The `dropna` method is used to drop rows or columns containing missing values from a DataFrame. Key points about `dropna`:

- By default it drops rows where any column has a missing value[3][4]:

```python
df.dropna()
```

- Setting `how='all'` only drops rows where all values are missing[3]
- Use `subset` to specify which columns to consider for dropping rows[3][4]:

```python
df.dropna(subset=['A', 'B'])
```

- Set `axis=1` to drop columns instead of rows[4]
- Setting `inplace=True` modifies the original DataFrame[3][4]

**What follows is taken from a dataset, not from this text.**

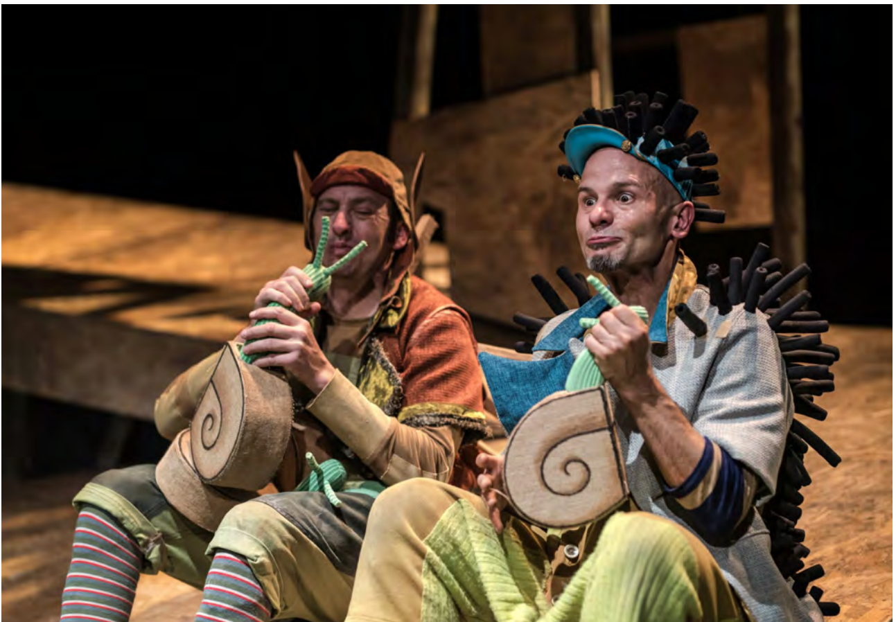
La fábula de la ardilla, La Baldufa

Jaialdien arloan, berriz, esan behar da harrera oso ona izan zutela Poltsiko Antzerkiak zein dFeria edo Gazteen Antzerki Topaketen egitarauen barruan eskainitako antzezlanek.

In summary, `fillna` is used to replace missing values, while `dropna` removes rows or columns containing NaNs. Both methods provide flexibility to handle missing data in Pandas DataFrames and Series.

Citations:

[1] https://slidescope.com/handling-missing-data-with-fillna-dropna-and-interpolate-in-pandas-lesson-6/

[2] https://www.w3schools.com/python/pandas/ref_df_fillna.asp

[3] https://pandas.pydata.org/docs/reference/api/pandas.DataFrame.dropna.html

[4] https://stackoverflow.com/questions/60832099/what-should-i-do-to-solve-my-problem-with-dropna-and-fillna-in-python

[5] https://pandas.pydata.org/docs/reference/api/pandas.DataFrame.fillna.html

------------
The `fillna` method in Pandas is a powerful tool for handling missing values (NaN) in DataFrames and Series. It allows users to fill these missing values with specified values or methods, enhancing data integrity and usability during analysis.

### Syntax

The basic syntax of the `fillna` method is as follows:

```python
DataFrame.fillna(value=None, method=None, axis=None, inplace=False, limit=None, downcast=None, **kwargs)
```

### Parameters

- **value**: This can be a scalar, dictionary, Series, or DataFrame. It specifies the value(s) to use for filling NaN values. For example, you can fill all NaNs with a specific number or use a dictionary to fill different columns with different values.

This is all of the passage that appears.